Dabei sind die Nadelgewächse nur scheinbar immergrün, einige wenige Arten – wie etwa die Lärche – verlieren ihre Blätter im Herbst sogar wie Laubbäume. Aber die meisten Nadelbäume stehen das ganze Jahr über grün gekleidet im Wald. «Das rührt daher, dass an den Ästen der Weiss- und Rottannen stets mehrere Nadeljahrgänge hängen», erklärt Christian Körner vom Basler Botanischen Institut das Phänomen. Jedes Jahr wächst eine neue Generation heran, die älteste wird abgestossen. So kommt es, dass die Nadeln einer Rottanne sieben bis neun, im Gebirge sogar zwölf Jahre alt werden.

Es gibt alles

«Manche Blätter leben bloss sechs Wochen, andere – wie etwa die des Gummibaums – zwölf Jahre, dazwischen gibt es alles», sagt Christian Körner. Wie oft eine Pflanze die Blätter wechselt, sei eine Frage der Strategie. Das Ziel bleibt dasselbe: Das Sonnenlicht möglichst effizient einzufangen und zur Synthese von Biomasse zu nutzen. Welcher Weg erfolgreicher ist, hängt von den klimatischen Bedingungen und der Bodenbeschaffenheit ab. Ist der Boden reich an Stickstoff und ist während der Wachstumsphase kaum Frost zu befürchten, haben sommergrüne Pflanzen Saison. Ihre grossen und nährstoffreichen Blätter fallen zwar oft Fressfeinden zum Opfer, aber gut genährte Laubbäume können das meist verschmerzen. Nur so nebenbei bieten grosse Blätter den Vorteil, mit ihrem Schattenwurf das Aufkommen von Konkurrenz – etwa von Nadelhölzern – zu behindern. Diese ihrerseits sind darauf ausgerichtet, möglichst sparsam mit den Ressourcen umzugehen. Ihre nadelförmigen Blätter schmecken und riechen nach Harz, was Fressfreunde abschreckt. Weil es sich die Pflanze nicht leisten kann, den raren Stickstoff jeden Herbst auf den Boden zu werfen, um im Frühling wieder darum zu kämpfen, muss das grüne Kleid winterfest sein und mehrere Jahre seinen Dienst tun.

Zwei Strategien

«Immergrün und Sommergrün sind zwei Lebensstrategien, die in vielen Klimabereichen nebeneinander existieren können und auch den gleichen Holzertrag abwerfen», sagt Körner. Das könne man sehr schön an benachbarten Rottannen und Lärchen demonstrieren. Letztere verlieren zwar im Winter ihre Nadeln, produzieren aber übers Jahr gesehen gleich viel Biomasse wie die Rottannen. «Lärchen schalten eben den Turbo ein, Rottannen lassen sich mehr Zeit. In beiden Fällen wird die Investition ins Blatt amortisiert.» Je weiter man sich jedoch gen Norden wendet und je karger die Böden werden, desto eher sind immergrüne Pflanzen im Vorteil. «Erst unter extremsten Bedingungen kehrt sich das Blatt wieder», weiss Christian Körner. Bei 70 Minusgraden im Winter verliert auch der beste Frostschutz in den Nadeln seine Wirkung, dann überleben allenfalls noch Lärchen. Sie werfen ihre Nadeln ab, das Holz ist frostbeständig.

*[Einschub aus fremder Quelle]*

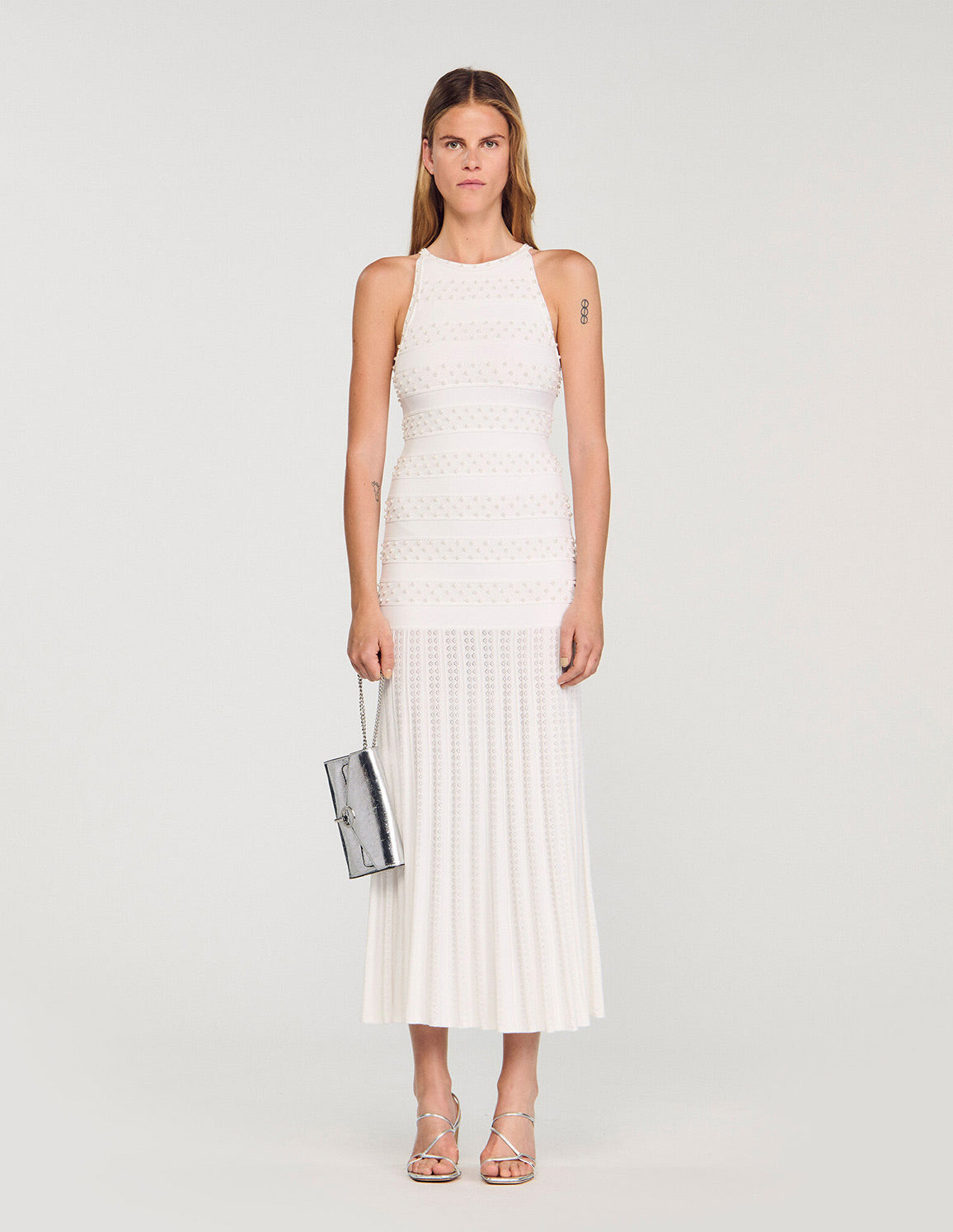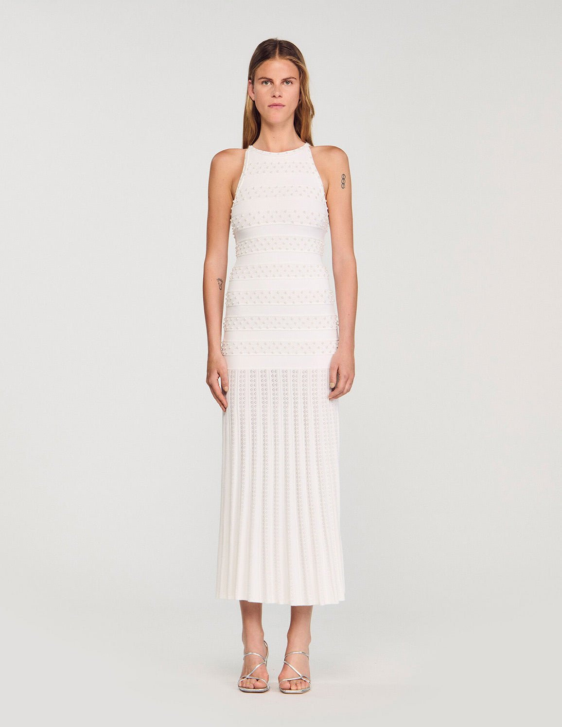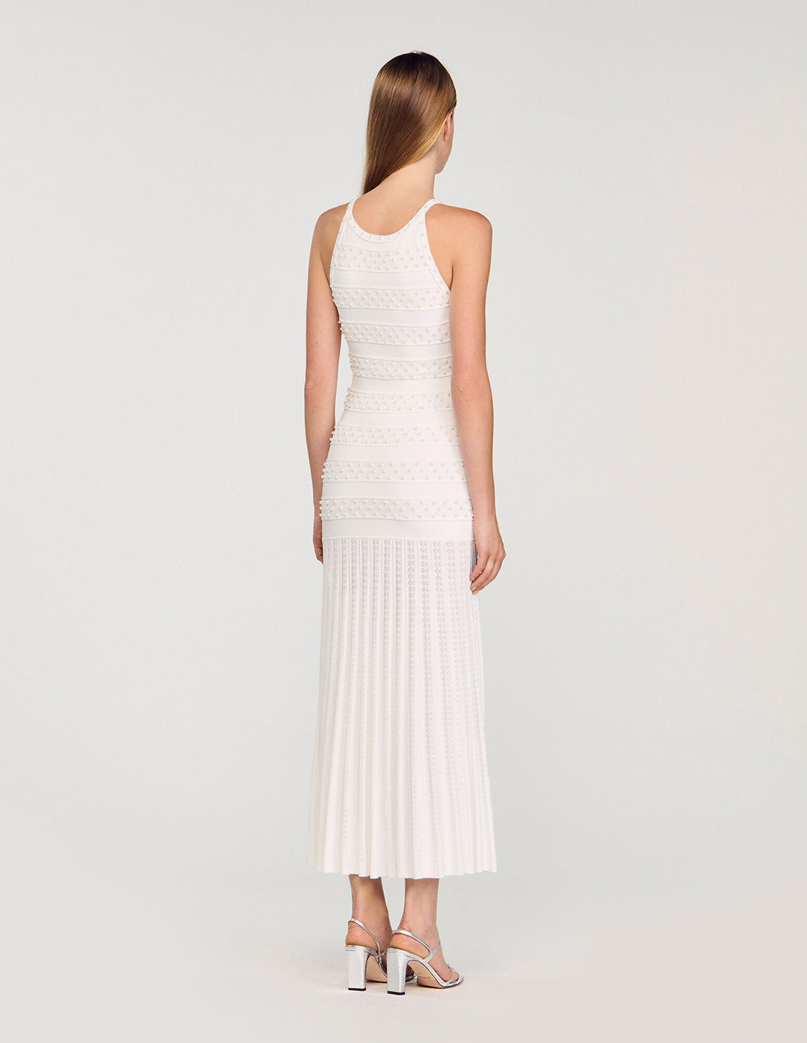 • Sleeveless long striped and beaded knit dress with a round neck and pearl button fastening.

Bei alledem können schon kleine Veränderungen der Umweltbedingungen den Wettbewerbsvorteil von der einen zur anderen Strategie verschieben. Doch «lassen sich einheimische Waldbäume durch einzelne Föhntage nicht täuschen und zum Austreiben verleiten», versichert Körner. Mehrere Sicherungssysteme würden dies verhindern, so eine in den Pflanzen eingebaute Uhr, die auf die Tageslicht-Dauer reagiert. «Daneben gibt es weitere Entwicklungsrhythmen, die aufeinander abgestimmt sein müssen.» Da hats der Weihnachtsbaum leichter. Er ist einfach immer grün – zumindest bis nach dem Fest.